● **Dataset excerpts**
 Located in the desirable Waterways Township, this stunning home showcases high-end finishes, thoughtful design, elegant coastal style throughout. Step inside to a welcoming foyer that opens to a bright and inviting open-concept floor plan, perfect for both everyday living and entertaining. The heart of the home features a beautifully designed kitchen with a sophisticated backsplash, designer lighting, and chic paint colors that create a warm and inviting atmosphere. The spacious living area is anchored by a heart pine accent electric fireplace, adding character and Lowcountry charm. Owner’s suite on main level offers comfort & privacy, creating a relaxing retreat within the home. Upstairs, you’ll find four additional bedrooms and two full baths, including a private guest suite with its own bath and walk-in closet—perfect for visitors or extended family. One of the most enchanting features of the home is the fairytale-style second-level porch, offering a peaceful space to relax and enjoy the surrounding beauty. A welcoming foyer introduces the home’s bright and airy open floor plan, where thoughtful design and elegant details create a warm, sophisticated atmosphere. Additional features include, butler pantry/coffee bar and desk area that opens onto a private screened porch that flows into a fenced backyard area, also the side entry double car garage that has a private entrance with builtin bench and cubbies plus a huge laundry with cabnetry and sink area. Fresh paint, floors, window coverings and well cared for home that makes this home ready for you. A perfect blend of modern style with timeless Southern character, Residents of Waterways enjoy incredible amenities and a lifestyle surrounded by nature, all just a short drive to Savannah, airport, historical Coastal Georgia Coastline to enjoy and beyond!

==

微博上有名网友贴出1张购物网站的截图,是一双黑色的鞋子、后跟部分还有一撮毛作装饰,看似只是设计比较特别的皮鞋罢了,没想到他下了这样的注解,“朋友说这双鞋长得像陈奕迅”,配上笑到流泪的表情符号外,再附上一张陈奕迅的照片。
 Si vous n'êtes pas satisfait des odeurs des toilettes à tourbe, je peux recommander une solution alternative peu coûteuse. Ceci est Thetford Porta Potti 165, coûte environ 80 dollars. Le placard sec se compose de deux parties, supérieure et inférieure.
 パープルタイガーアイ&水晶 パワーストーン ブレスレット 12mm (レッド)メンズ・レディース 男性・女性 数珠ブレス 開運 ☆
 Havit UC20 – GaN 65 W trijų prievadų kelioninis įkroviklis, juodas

● **What you should do**
Please give an exact copy of the lines above, beginning with the line containing "微博上有名网友贴出1张购物网" and running through the line containing "Si vous n'êtes", and of no other lines.

● **Written answer**
微博上有名网友贴出1张购物网站的截图,是一双黑色的鞋子、后跟部分还有一撮毛作装饰,看似只是设计比较特别的皮鞋罢了,没想到他下了这样的注解,“朋友说这双鞋长得像陈奕迅”,配上笑到流泪的表情符号外,再附上一张陈奕迅的照片。
 Si vous n'êtes pas satisfait des odeurs des toilettes à tourbe, je peux recommander une solution alternative peu coûteuse. Ceci est Thetford Porta Potti 165, coûte environ 80 dollars. Le placard sec se compose de deux parties, supérieure et inférieure.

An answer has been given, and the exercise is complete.